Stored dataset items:
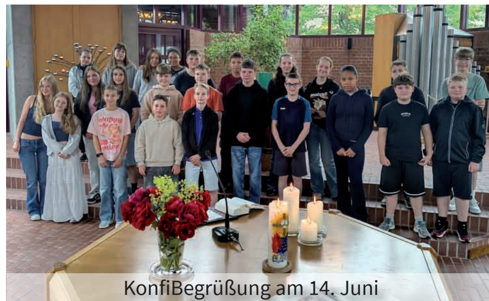
KonfiBegrüßung am 14. Juni

Das Ökumenische Zentrum neben der alten Bertolt-Brecht-Gesamtschule bildet den Abschluss und ist von allen Einrichtungen auch die jüngste, eingeweiht 1986/87. Dagegen sind alle anderen Kirchen aus den Anfangszeiten der jeweiligen Quartiere, überwiegend noch aus den 60er Jahren. Dabei sind Namen bekannter Architekten, wie Freiherr von
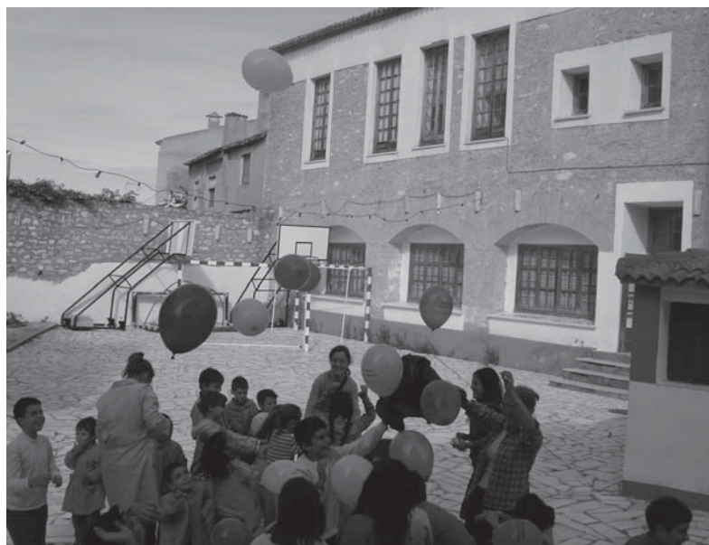
Celebración del Día de la Biblioteca en el colegio

La biblioteca municipal, como agente dinamizador del pueblo, ha ido acomodándose a las peculiaridades e idiosincrasia del mismo, aceptando e incorporando la diversidad. Esto se refleja también en la biblioteca. Sobre todo los niños y las niñas inmigrantes que a
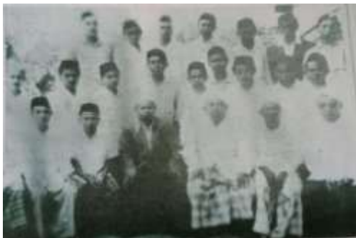
Gambar Karamah ke-12
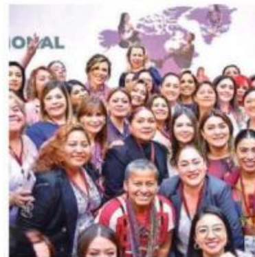
La mandataria señaló que aún existen brechas por superar
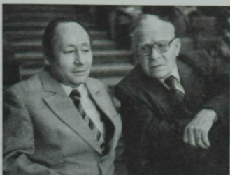
Ике бөек шәхес: сынчы Бакый Урманче (1921–93) һәм композитор Ростәм Яхин (1987–93), 1981 елда төшерелгән фото.
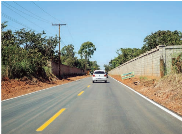
A pavimentação das pistas da Estrada São Bartolomeu e da Via das Harpias teve investimento de cerca de R$ 2 milhões

trito Federal (DER-DF) tem ainda 20 projetos de acessos elaborados aguardando recursos para asfaltar mais 150 km. Até agora, foram investidos R$ 57 milhões no Caminho das Escolas.
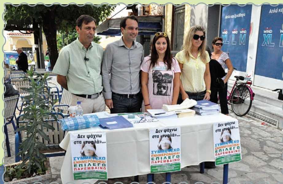
Εργατικό Κέντρο Ναυπάκτου

Και επειδή ο Σεπτέμβριος είναι ένας δύσκολος μήνας για τους εργαζόμενους, αλλά κυρίως για τους ανέργους, καθώς ξεκίνησε η νέα σχολική χρονιά που απαιτεί πολλά έξοδα, θα γίνει και μια προσπάθεια προβολής όλων των επιχειρήσεων που θέλουν να γίνουν μέλη της «σχολικής συμμαχίας» κατά της ακρίβειας.
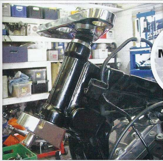
Montering af gaffel
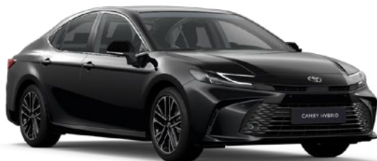
218 Attitude Black lakier metalizowany 2 900 PLN
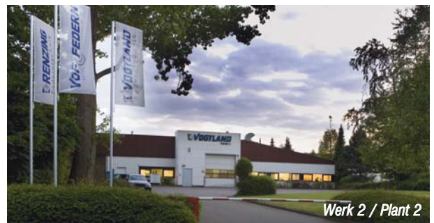
Werk 2 / Plant 2

VOGTLAND Autosport GmbH Alemannenweg 25-27 • 58119 Hagen Telefon + 49 2334 801-36 • Fax + 49 2334 801-24 E-Mail: vertrieb@vogtland.com
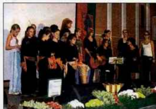
Mladi glasbeniki in pevci iz Loč ob Baškem jezeru, ki obiskujejo Slovensko glasbeno šolo, dobijo za svoje učenje od dežele manj pomoči kot učenci deželne šole, čeprav jih učenci slovenske šole po nagradah na tekmovanjih prekašajo.

Pred dnevi pa je koroški deželni glavar Jörg Haider ostro protestiral na avstrijskem zunanem ministristvu, ker je slovenska vlada nameravala uporabiti na svojih uradnih dokumentih simbol knežjega kamna. Slovenska vlada je nato od svoje namere odstopila. Ker zvezna in deželna vlada ne uresničujeta odločb ustavnega sodišča, je Narodni svet koroških Slovencev napisal zveznemu kanclerju Alfredu Gusenbauerju odprto pismo, v katerem ga opozarjajo na zavlačevanje pri uresničevanju zakonov in odločb sodišča za zaščito slovenske manjšine na Koroškem. Ustavno sodišče je že pred šestimi leti, 13. decembra leta 2001, razveljavilo dele Zakona o narodnostnih skupnostih in nekatere kasnejše uredbe. Sedanja vlada je namreč v programu zapisala, da bo problem dvojezičnih napisov
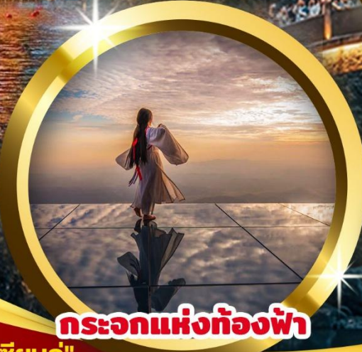
กระบอกแห่งท้องฟ้า

* [WORK TASK]
Each line of the data that holds "milhões" should be copied.

* [REPLY]
A pavimentação das pistas da Estrada São Bartolomeu e da Via das Harpias teve investimento de cerca de R$ 2 milhões
trito Federal (DER-DF) tem ainda 20 projetos de acessos elaborados aguardando recursos para asfaltar mais 150 km. Até agora, foram investidos R$ 57 milhões no Caminho das Escolas.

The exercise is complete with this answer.